One of my favorite pictures I ever took of my daughter came during a tantrum.
She wasn’t quite 3. We were in the middle of a family party with our best friends–and their two kids, the de facto cousins. My daughter had just hit her BFF. I scooped her into my arms and carried her upstairs for a time-out. A photographer friend once advised me that photos of crying people were always good to take, aesthetically (you can quibble about the morals). There my daughter stood in her crib in a white satin dress-up princess frock. Her face, framed by tired pigtails, revealed the sadness and regret just beneath the frustrated, overtired impulsivity.

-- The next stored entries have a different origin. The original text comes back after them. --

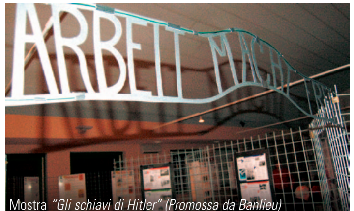
Mostra "Gli schiavi di Hitler" (Promossa da Banlieu)

La Biblioteca Comunale è anche luogo di incontro, di crescita e di condivisione. In questa pagina, immagini scattate durante lo svolgimento di alcune attività promosse dalla biblioteca.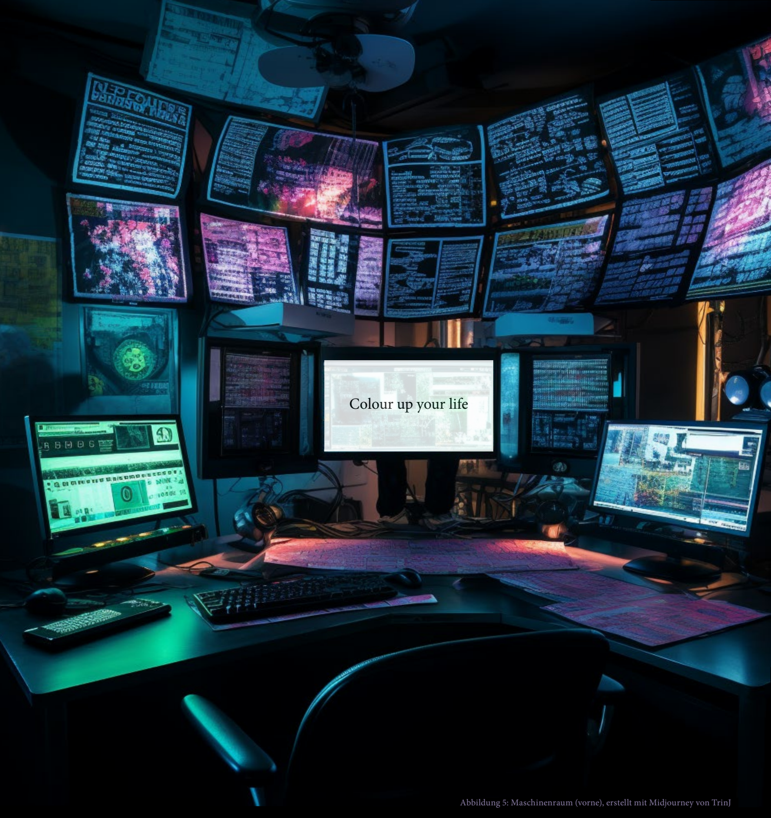
Abbildung 5: Maschinenraum (vorne), erstellt mit Midjourney von TrinJ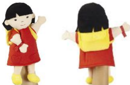
MARIONETA KIM REF 77-352498

Fabricado en poliéster y terciopelo de algodón, lavable a máquina a 30 °C. Dejar secar lentamente a temperatura ambiente. Altura: 32 cm.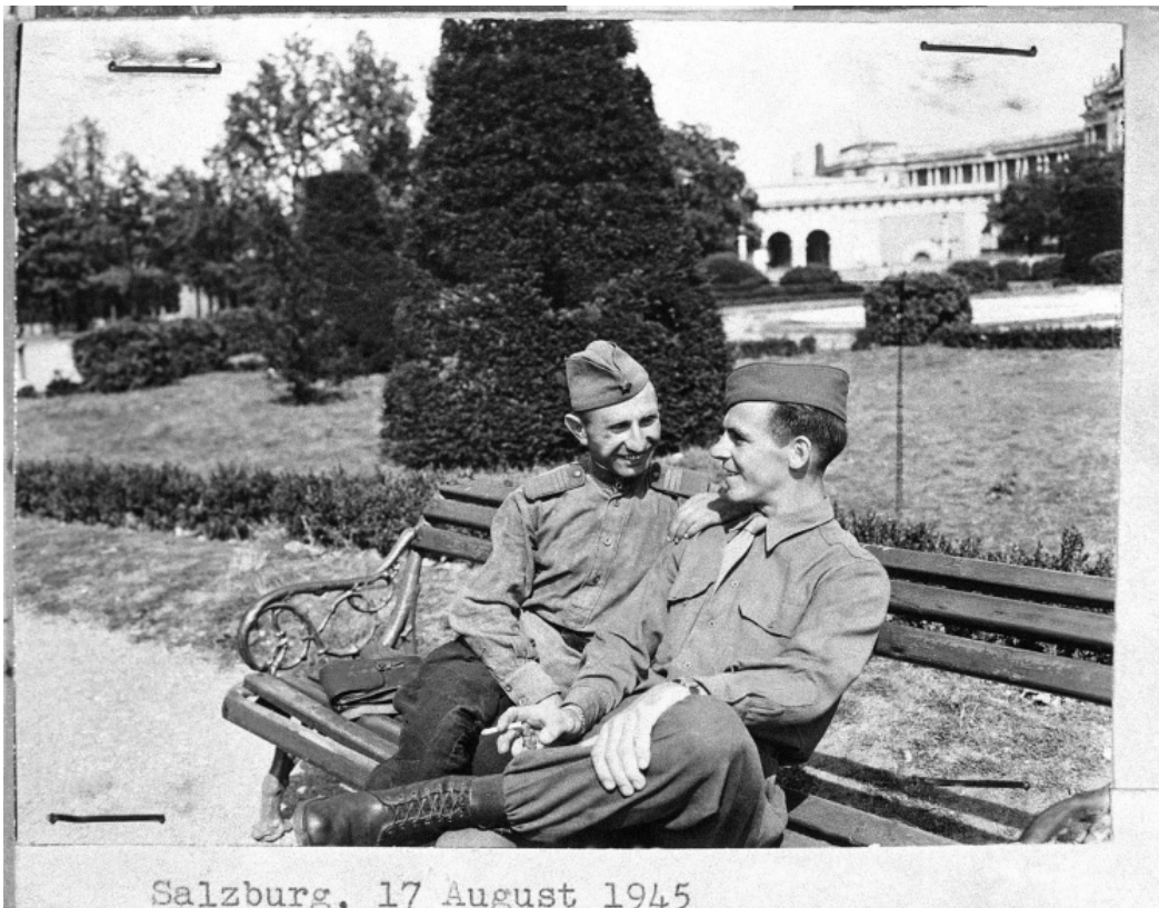
Salzburg, 17 August 1945

Her dark eyes were slick and teary and her rounded cheeks appeared rounder, all pouty. And the camera happened to be around my neck. She was so freaking adorable I had to sneak in one quick shot.
With this little girl, we went through the phases: biting, hitting, throwing, and spitting. Her frustrated behaviors weren’t always harmless and some are kind of gross (spitting). Equally often, though, her monstrous outbursts make us laugh (to ourselves, if possible). Despite everything, she is really, really cute.
Teenagers, though, their tantrums are not exactly so simple to ignore or to contain. Unlike a small child, teenagers are neither immediately mobile nor malleable. When raging, teenagers are so not cute.
We don’t get teenage tantrums all that often (thankfully, because we’ve got two teens in the house; I gave birth to three boys spread over seven years and five years later, we adopted an infant girl), but when we do, especially if the preschooler is underfoot and cannot be extricated from the scene, it’s not such a fun time. A tantrum occurred recently while I was sitting on the floor and folding laundry with the preschooler hanging around me. One teen had had a no-good-very-bad-day. Nothing I could say helped. He started to fling clean socks across the room. He brandished the ‘f’ word as noun, verb, adjective, adverb–and exclamation.
I used to worry about the very colorful language my preschooler has been exposed to, but I’ve let that go. Preschoolers know the really worst insult in the universe is “stupid.” Even as my teens display the ability to get a great deal out of the ‘f’ word, the preschooler is right there with her hand out: “Put a coin in the [cursing[ jar,” she says. She got that because her biggest brother explained that’s what the high school history teacher demands (the money goes to charity). Mid-tantrum, mid-string of curses, the preschooler pantomimed handing the “jar” to roiling teen. And the teen pantomimed putting money in the jar.
I knew he wasn’t really as mad as he presented. He was a muddled mess (like so much teenager laundry, heaped and tangled and definitively not clean, neglected but in want of your parental attentions). I couldn’t just pick the muddle of emotions or the boy up like his laundry and do it for him, weary as I felt about the heap of curses and anger being dumped around us (and the laundry; I wasn’t so pleased about its being flung across the floor).
When he tossed the laundry at the little girl, she laughed and threw it back to him. Although it meant refolding lay ahead, that game helped the littlest bit.
With teens, when the calm rushes in, you have to change gears entirely. We plugged the little girl into a television show and had a long talk with the teen. Beneath the bluster is the same muddle of confusion any of us can feel on a given day, a day you yearn for a ticket to Australia.
As my teens break through the bounds of our household and high school, where they are often the biggest in their worlds, I realize their next steps–college, gap years, jobs, first apartments, and first loves–will make them feel smaller. Sometimes, right now, their bigness is almost too much to hold onto as their parent. We’re shifting, like the smaller children they were when their emotions were larger than their ability to express the full complexity they experienced, or like their little sister when she is determined to keep up, but unable. Her most common bedtime complaint is this: “It’s not fair that I have to go to bed before everyone else.” The next oldest is 10. It may not be fair, but that’s how it is.
And on we all go, growing, seeing anew, having tantrums, and calming down. When she’s a teen and rages with the words she learned long ago and her biggest brothers are adults, I’ll put them on speed dial so she can complain and curse and they can listen and more closely empathize–and demand repayment.